Ана, Птичка, думает он, зверский роман Карлитоса с Китаянкой, смерть отца, первая седина: когда это было, Савалита — два года назад? три? десять лет? Кто первым раскопал кобылу по кличке Птичка и начал раздувать эту сенсацию? Орлы из «Ультима Ора»? Нет, из «Пренсы». Такой вид ставки был тогда еще в новинку, и завсегдатаи бегов предпочитали, как всегда, играть первых двух. Но в одно прекрасное воскресенье некий типограф угадал девять из десяти победителей и получил на Птичке сто тысяч солей. «Пренса» взяла у него интервью, напечатала фотографии: типограф в кругу семьи, за накрытым и заставленным бутылками столом, на коленях перед образом Спасителя-Чудотворца.
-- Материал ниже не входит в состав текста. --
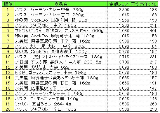 調理品 売上ランキング/7月7日~13日、「ハウス バーモントカレー」の1位続く

На следующей неделе ставки выросли вдвое, и «Пренса» поместила на первой полосе снимок двух ликующих коммерсантов из Яки, воздевших к небесам счастливую карточку, а еще через неделю какой-то рыбак из Кальяо, в молодости потерявший в пьяной драке глаз, сорвал куш в четыреста тысяч. Выдача продолжала расти, и газеты устроили форменную охоту на счастливцев. Ариспе отправил Карлитоса собирать материал о Птичке, но через три недели выяснилось, что «Кроника» отстала безнадежно: Савалита, придется вам этим заняться, у Карлитоса ни черта не выходит. Если б не это задание, думает он, я бы не попал тогда в аварию и, наверно, ходил бы сейчас холостым. Но тогда он был очень доволен: дел у него было мало, и, благодаря неопределенности поручения, он мог вообще не появляться в редакции или заскакивать на минутку. По субботам надо было дежурить в конторе Жокей-клуба, узнавать, на сколько поднялись ставки, а к понедельнику уже становилось известно, один ли был победитель или несколько и где именно была приобретена карточка. Тогда начинались поиски выигравшего. В понедельник и во вторник телефон в редакции трезвонил без конца, сообщая имена, и приходилось вместе с Перикито мотаться по всему городу, перепроверяя полученные сведения.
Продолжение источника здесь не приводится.